*** Opening Task data ***

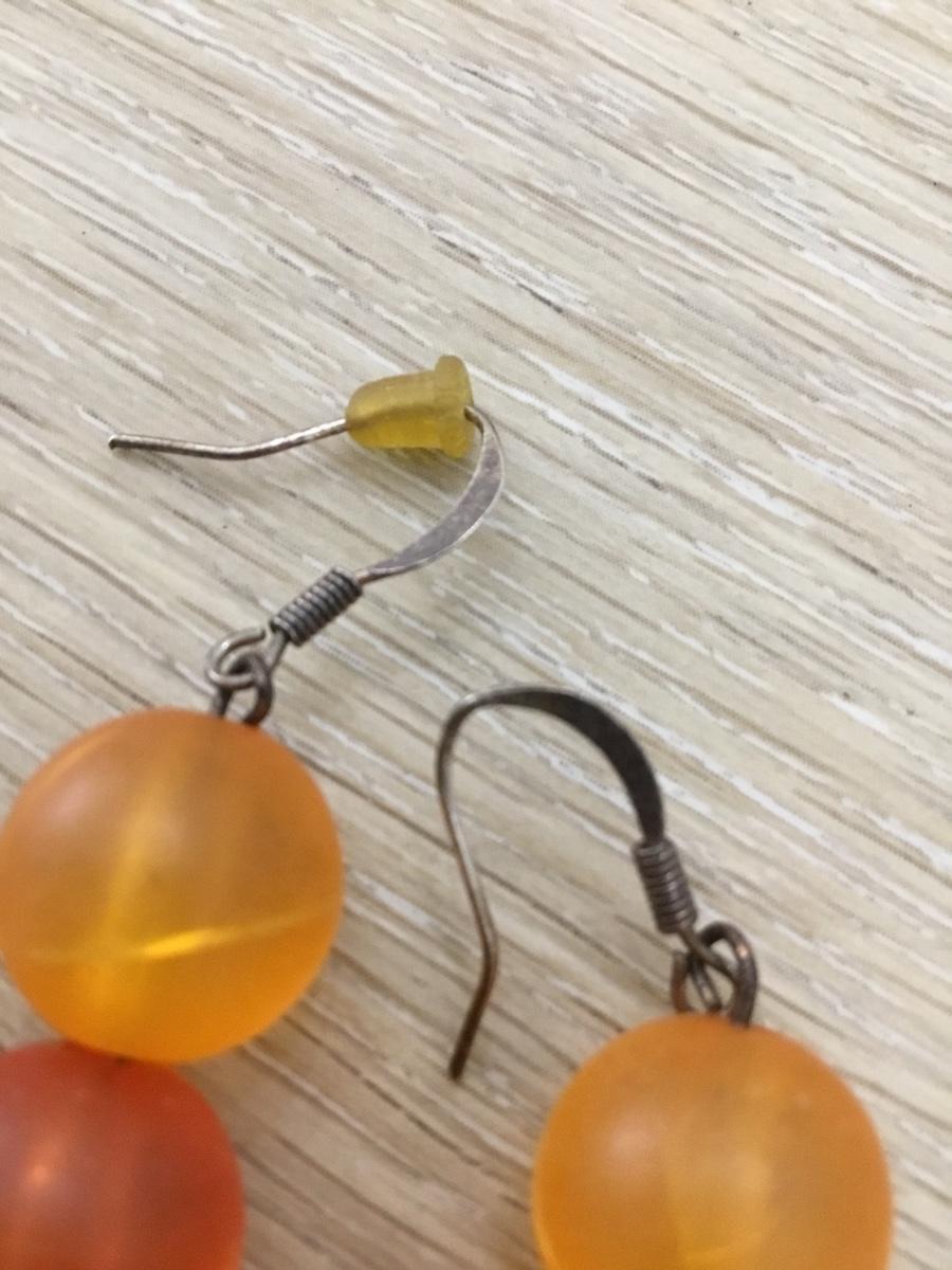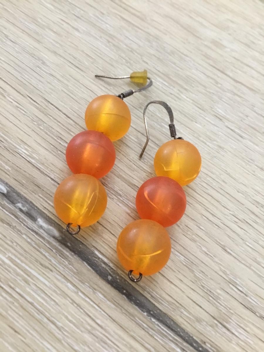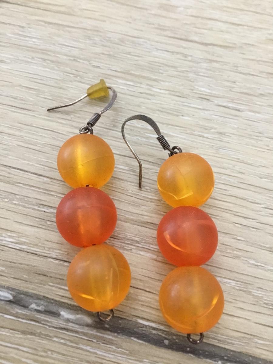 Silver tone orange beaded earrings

*** Closing Task data ***
*** Opening Task data ***

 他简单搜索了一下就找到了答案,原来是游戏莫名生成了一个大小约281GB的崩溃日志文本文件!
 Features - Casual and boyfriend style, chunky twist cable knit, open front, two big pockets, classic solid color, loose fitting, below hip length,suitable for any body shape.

*** Closing Task data ***

_The task_
All lines above from the one with "他简单搜索了一下就找到了答案" to the one with "Features - Casual", inclusive, should be copied exactly, and no other lines.

_Task response_
 他简单搜索了一下就找到了答案,原来是游戏莫名生成了一个大小约281GB的崩溃日志文本文件!
 Features - Casual and boyfriend style, chunky twist cable knit, open front, two big pockets, classic solid color, loose fitting, below hip length,suitable for any body shape.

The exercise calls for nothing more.